### Activity
Give the entries again exactly as they appear, but without the images.
○ ○ ○ ○
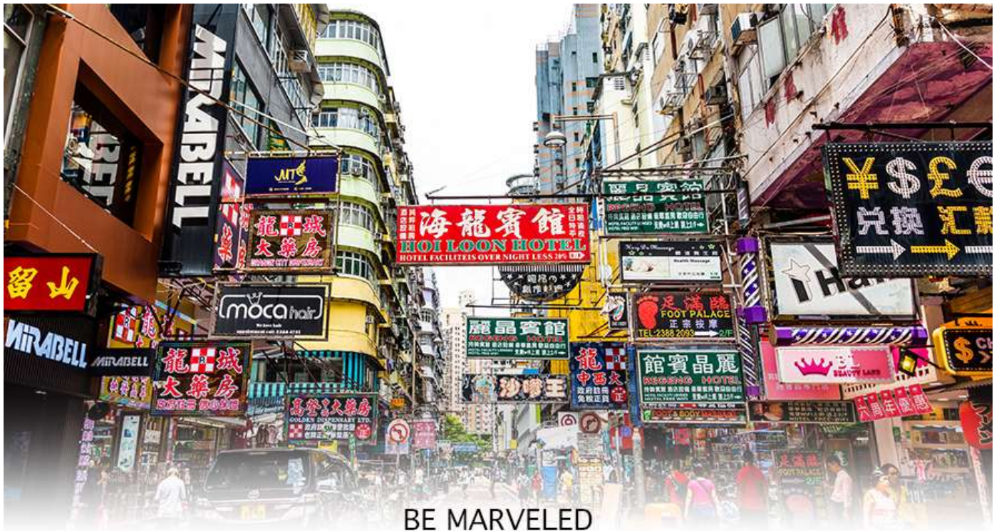
BE MARVELED MONGKOK

เครื่องสำอาง รองเท้า กระเป๋า เครื่องประดับมากมาย อีกทั้งยังมีร้านอาหาร และเครื่องดื่ม ที่ขึ้นชื่อหลากหลายชนิด ให้ทุกท่าน ได้ลองลิ้มรสอีกมากมาย
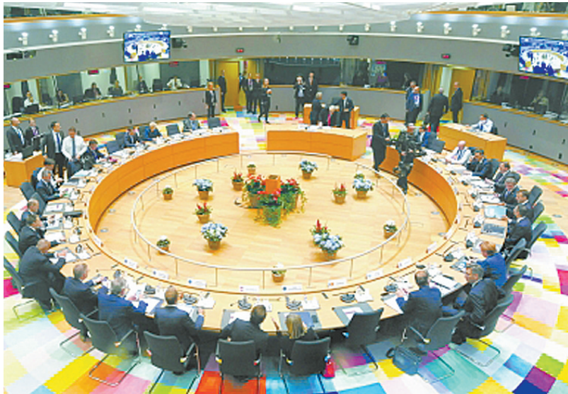
10月17日在比利时布鲁塞尔拍摄的欧盟峰会现场。

路透社报道，多数欧盟领导人确信，“脱欧”谈判的真正阻碍在于英国国内政治。法国总统马克龙的一名助理说，英国执政党保守党内部“硬脱欧”派人士宁愿不带任何附加条件地脱离欧盟，意味着即便梅与欧盟谈妥
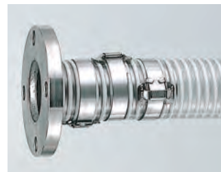
フープバンド締め (ステンレス製 JIS フランジ付き)
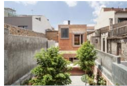
House 1014 - Harquitectes Le 16/07/2016
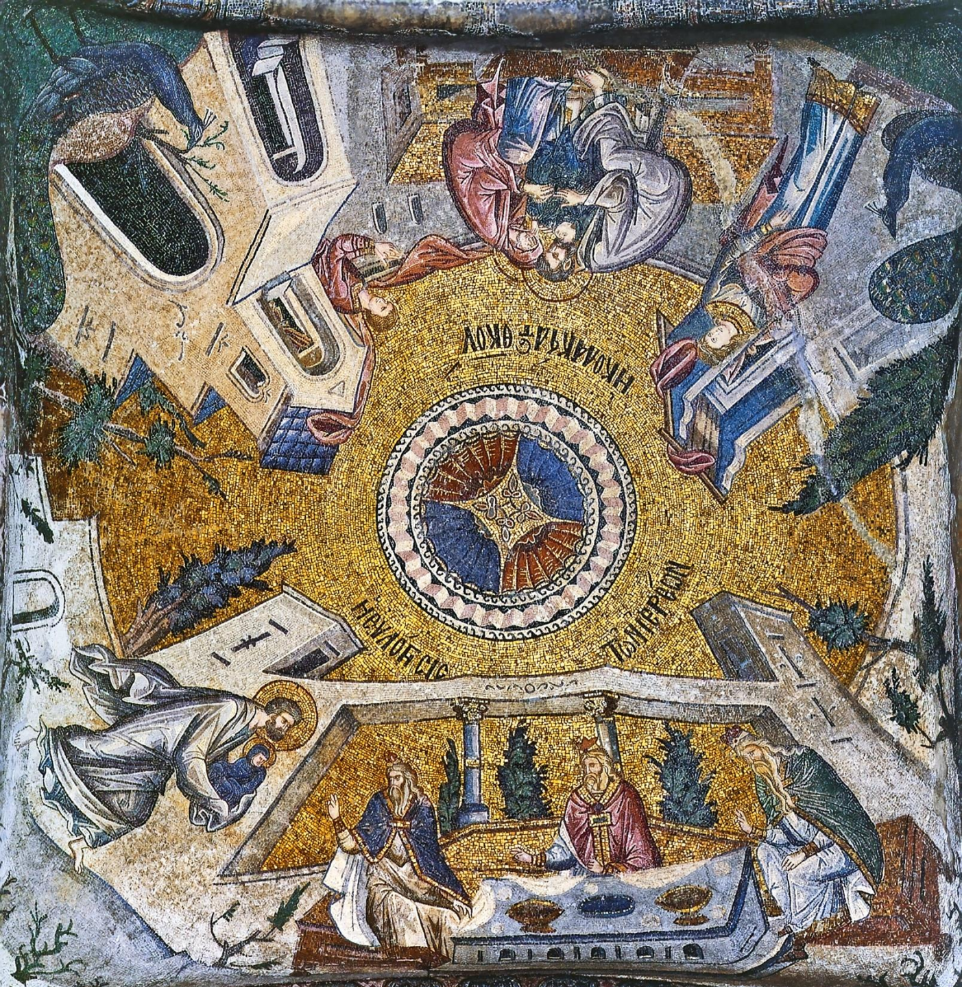
Купол-зонт из ткани. Мозаики цикла «История детства Богоматери», Кахрие Джамии, монастырь Хора, 1316 – 1321 гг. Стамбул (Константинополь) Турция.
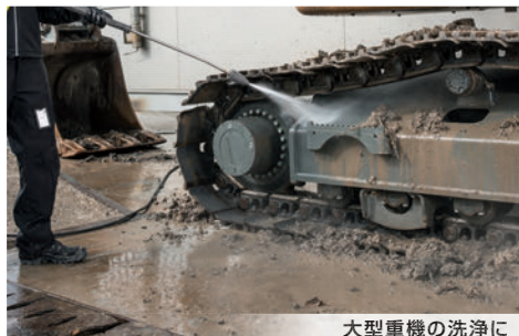
大型重機の洗浄に
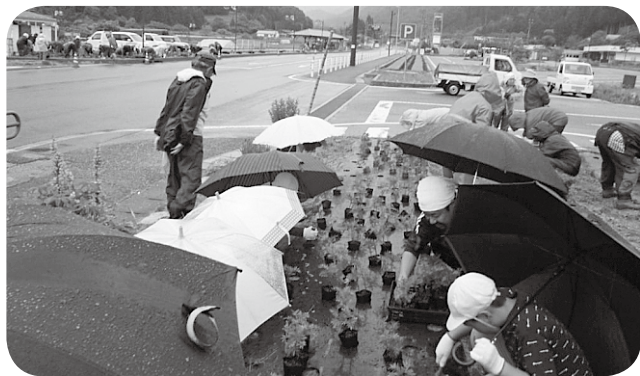
高嶺クラブのみなさんと花の苗植え
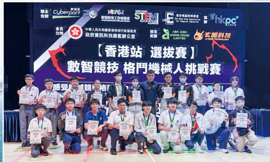
數智競技——格鬥機械人挑選賽(香港站)
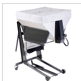
□ Épandeur de sel et de sable

Egholm A/S - Les spécifications et les détails sont susceptibles d'être modifiés sans préavis. Des illustrations peuvent être fournies avec l'équipement supplémentaire.
○ ○ ○ ○
### Result of this exercise
BE MARVELED MONGKOK

เครื่องสำอาง รองเท้า กระเป๋า เครื่องประดับมากมาย อีกทั้งยังมีร้านอาหาร และเครื่องดื่ม ที่ขึ้นชื่อหลากหลายชนิด ให้ทุกท่าน ได้ลองลิ้มรสอีกมากมาย
10月17日在比利时布鲁塞尔拍摄的欧盟峰会现场。

路透社报道，多数欧盟领导人确信，“脱欧”谈判的真正阻碍在于英国国内政治。法国总统马克龙的一名助理说，英国执政党保守党内部“硬脱欧”派人士宁愿不带任何附加条件地脱离欧盟，意味着即便梅与欧盟谈妥
フープバンド締め (ステンレス製 JIS フランジ付き)
House 1014 - Harquitectes Le 16/07/2016
Купол-зонт из ткани. Мозаики цикла «История детства Богоматери», Кахрие Джамии, монастырь Хора, 1316 – 1321 гг. Стамбул (Константинополь) Турция.
大型重機の洗浄に
高嶺クラブのみなさんと花の苗植え
數智競技——格鬥機械人挑選賽(香港站)
□ Épandeur de sel et de sable

Egholm A/S - Les spécifications et les détails sont susceptibles d'être modifiés sans préavis. Des illustrations peuvent être fournies avec l'équipement supplémentaire.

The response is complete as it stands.